“Your eyes are amazing, you know that? You should never shut them. Not even at night.” In real life, if a guy used this line on a woman, she would most likely bust out laughing in his face. Factor in a thick French accent, and it would be a miracle if she didn’t collapse to the floor in a gut-busting giggle fit. In “Unfaithful,” however, it’s only a matter of seconds before the target of the line is dropping her pants. That, right there, should give one a clear indication as to the strange, alien, and rather hilarious world in which Adrian Lyne’s latest erotic “drama” takes place.
I should say “dropping her muffins,” for Lyne doesn’t pass up any opportunity for the most blatant symbolism. Before dropping her pants, the very married Constance Sumner (the very sexy Diane Lane) pays a visit to the apartment studly French book dealer Paul Martel (the very skeevy Olivier Martinez), a gift bag of muffins in tow. He drops that oh-so-slick compliment to her, but she doesn’t let go of the muffin bag–not even as they slow dance–until he grabs them and throws them to the floor in an action that screams out “This is one forceful guy.” As if we didn’t gather that before, when, on a previous encounter with Connie, Paul makes her read a poem that encourages her to seize the moment, or in another encounter where he tries to seduce her with nothing less than a chicken recipe in a cookbook written in braille. Even that latter fact somehow comes to play later when Connie is shown at home burning a chicken dinner (See–the cookbook was a “slick” foreshadowing of the gradual destruction of Connie’s domestic life! How brilliantly layered! Not).
What Lyne and screenwriters Alvin Sargent and William Broyles Jr. don’t feel the need to drill into the audience’s heads is Connie’s motivation for falling into an adulterous affair. In fact, they offer no reason at all, for her businessman husband Edward (the very squinty Richard Gere) is not only attentive to her but actively attracted to her; and they have a bright young son (the very perky Erik Per Sullivan). The ambiguous irrationality on this point is one of the film’s few strengths, but leave it to Lyne to fill in the blanks by pushing the fate card extra hard. While on shopping trip in New York City, Connie and Paul are quite literally blown together by the winds of fate, and, yes, these winds are the harbinger of a larger metaphorical storm in both of their existences.
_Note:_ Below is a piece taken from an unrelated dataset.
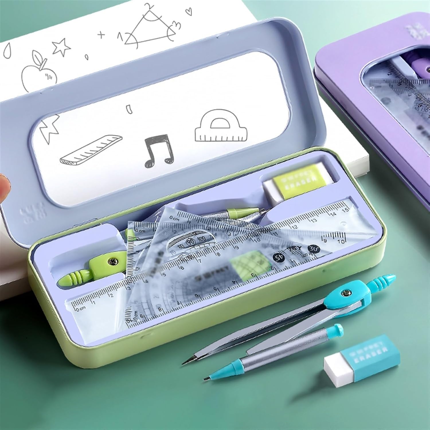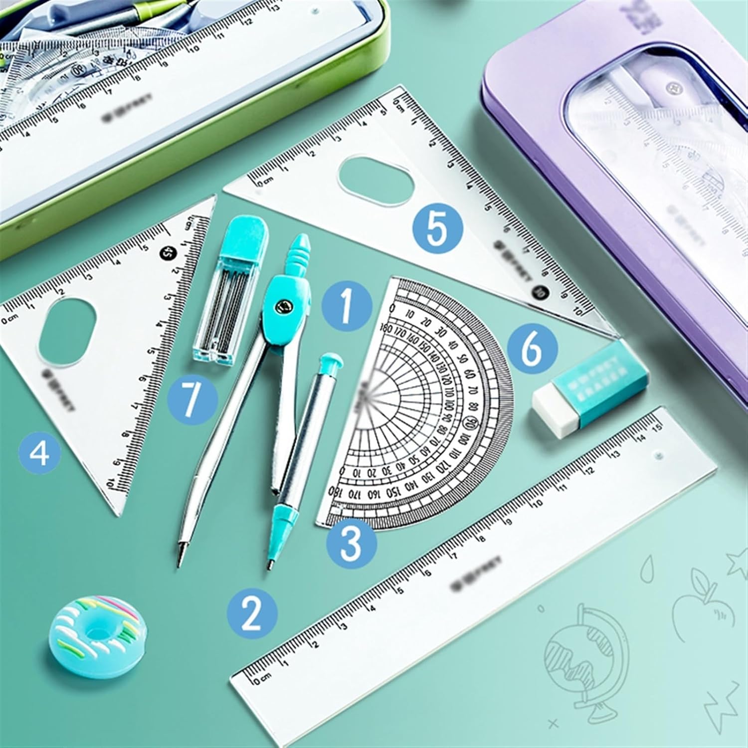 Il kit di geometria da 7 pezzi include: 1 bussola da studio in metallo, 2 triangoli (righello 45° e 3060), goniometro, gomma, ricarica di mina per matita. Un comodo set di geometria per bussola: le bussole in metallo resistenti non si piegano o si flettono durante l'uso, la testa della bussola dal design ergonomico è comoda da tenere, il supporto universale per bussola funziona con matite o penne di qualsiasi dimensione. Standard, righelli, triangoli e goniometro sono dotati di graduazione per una facile identificazione insieme a una scatola di immagazzinaggio durevole che è facile da trasportare e riporre Un pratico set di strumenti per scopi pratici Questo set di strumenti è perfetto per studenti, insegnanti, esperti di matematica, architetti, ingegneri, artisti, designer di tutti i livelli. Un buon set di geometria per insegnanti e studenti. Può essere utilizzato a scuola, in ufficio, a casa o al lavoro. Un regalo perfetto per i tuoi bambini e amici, facile da portare in classe e riporre in classe e a casa.

The audience knows that very well going in–after all, the film *is* called “Unfaithful”–but it takes at least a full half hour of false starts and laughable failed seduction attempts by Paul (the poem, the braille) before the two get it on.
This being a film by known screen provocateur Lyne, one expects the film to come to life once the eroticism begins, and indeed it does–though not in the way intended. The first sex scene plays as a flashback intercut with Lane’s impressive depiction of Connie’s simultaneous feelings of horror and excitement on the train ride home, but the glimpses that the audiences see are more likely to incite the former than the latter–but above even that, laughter. Lyne leaves his camera to ogle Connie’s trembling belly button for a long while as Paul blows on her crotch, but her nerves don’t go away until he repeatedly commands her in that alluring accent of his, “Heet me!”–which then makes a post-argument foyer f**k later in the film hardly a twist. At least Lyne is able to see a rough restroom romp for the ribald ridiculousness that it is, earning the film its one intended laugh.
Too bad, though, that he saw everything else in “Unfaithful” with such self-important seriousness. Presumably is to derive from the big countdown until Edward finds out, but the idiotic character of Connie makes it no fun; not only is she a terribly unconvincing liar, she doesn’t have the sense to prepare for her afternoon booty calls until after her husband has left for work, plus she commits a crucial act of re-gifting that goes far beyond mere social faux pas. The film’s third act foray into thriller territory is also more bore than score, with Lyne and his sledgehammer pounding down points of which only those with a severe “Memento”-like short-term memory condition would need reminding.
What makes “Unfaithful” that much more of a trying sit is that the film shows flashes of potential. The premise is certainly workable (and, apparently, has worked before; the film is a reworking of Claude Chabrol’s “La Femme Infidèle”), and every now and again some genuine performance comes through, particularly by Lane, as illustrated by the previously mentioned train ride scene. At every turn, though, her valiant efforts are thwarted by a patch of atrocious dialogue or a questionable directing decision–which exposes the very reason for “Unfaithful”‘s failure: a potentially interesting project gone horribly awry in the hands of the wrong team of filmmakers.